Finding connected components in a graph database is an important first step graph analysis. Graph databases get too big and complex to visualize readily. Connected components in a complex system are hard to see. Understanding connected components helps us understand the underlying structure of the graph for further analysis. We might discover groups of entities that we didn’t know about before: a community cut off from the rest of the system, a vulnerability in our wide area network, or a special interest of expertise in a group of professionals.
A major challenge for enterprise databases is avoiding duplication of records. “The problem of detecting duplicates in a database can be described in terms of determining the connected components of an undirected graph.”1 Analyzing a bodies of published papers using connected components. “Citation graphs representing scientific papers contain valuable information about levels of scholarly activity and provide measures of academic productivity”2 To understand the influence and power of Multi-National Corporations “a complex network analysis is needed in order to uncover the structure of control and its implications.”3 The authors found a strongly connected component at the center, “in other words, this is a tightly-knit group of corporations that cumulatively hold the majority share of each other.”3
Connected components play a key role in fraud detection.4 A ring of fraudsters can be identified by a users sharing the same address or phone number and are opening a variety of credit accounts in a defined time period.

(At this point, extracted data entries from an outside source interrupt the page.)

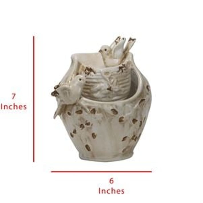 The Foreside Ivory Birds Fountain is a beautiful and unique addition to any bird lover's collection. Made of durable ceramic, this fountain combines the charm of a birdbath with the soothing sounds of a well. The distressed finish adds depth and character to the piece, making it a stunning focal point in any home or office. Easy to maintain, this fountain is a perfect gift for anyone who enjoys the beauty of nature and the peaceful presence of birds. Bring the beauty of the outdoors inside with the Foreside Ivory Birds Fountain today!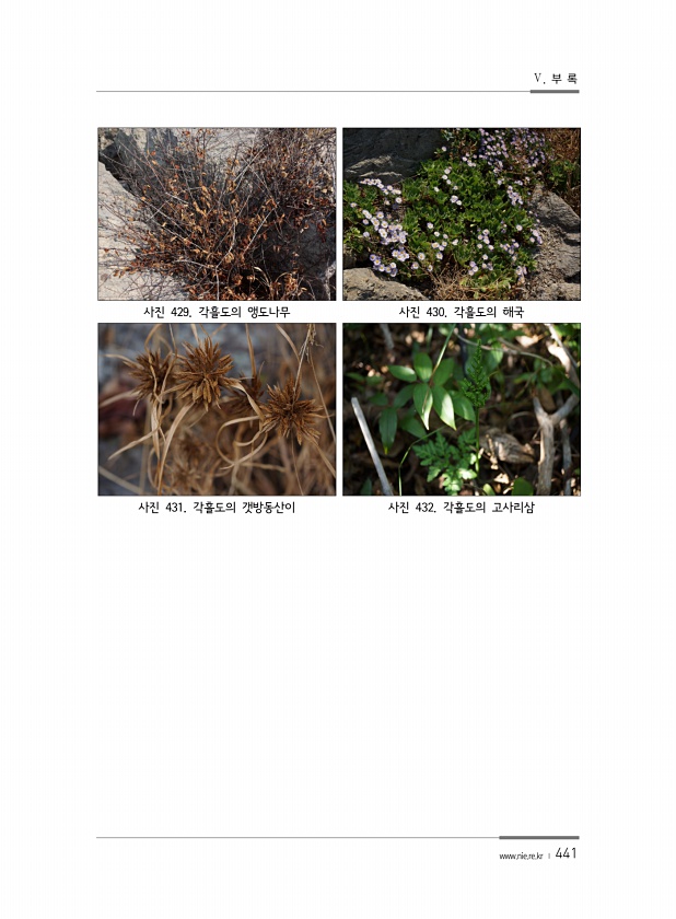 Ⅴ. 부 록 www.nie.re.kr ? 441 사진 429. 각흘도의 앵도나무 사진 430. 각흘도의 해국 사진 431. 각흘도의 갯방동산이 사진 432. 각흘도의고사리삼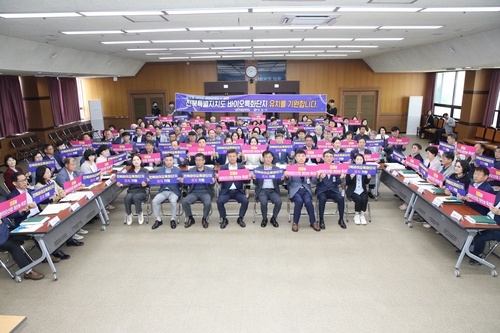 시는 27일 시청 대회의실에서 이학수 시장과 실과소장 및 읍면동장, 직원 등 100여명이 참여한 확대간부회의를 열고 이 자리에서 바이오특화단지 유치 여정에 힘을 싣기 위해 전 시민의 뜻을 모아 결의를 다지는 시간을 가졌다.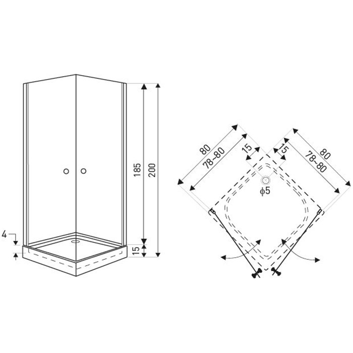 Čtvercový sprchový kout je dodávaný se sprchovou vaničkou o rozměrech 80 x 80 x 15 cm. K vaničce je potřeba dokoupit sifon – doporučujeme model Speed s průměrem 50 mm pro optimální odvod vody.

In social networks, connected component searches can find groups of strongly connected people not previously identified. And connected component analysis can unlock patterns in the groups identified.
In the powerful realm of graph thinking, connectivity is an important concept to understand and apply. Modeling our data as a graph will enable the application of connected component searches to discover patterns in our data we cannot find in a relational model. Do you think about your data in terms of connectivity? Do you think about your data in terms of communities or cluster patterns? Do you want to? If you want to learn more about graph thinking please contact me and visit Graph Thinking Workshops
1-Monge, Alavaro, E., Elkan, Charles P., An efficient domain-independent algorithm for detecting approximately duplicate database records, 1997. http://citeseerx.ist.psu.edu/viewdoc/summary?doi=10.1.1.28.8405
2-Yuan, An, Janssen, Jeannette, Milios, Evangelos E., Characterizing and Mining the Citation Graph of the Computer Science Literature, 2004. http://www.cs.toronto.edu/~yuana/research/publications/kais.pdf
3- Vitali, Stephania, Glattfelder, James B., Battiston, Stefano, The Network of Global Control, 2011. http://journals.plos.org/plosone/article/file?id=10.1371/journal.pone.0025995&type=printable
4-Scifo, Estelle, Hands-On Graph Analytics with Neo4j, Packt Publishing, 2020, page 308.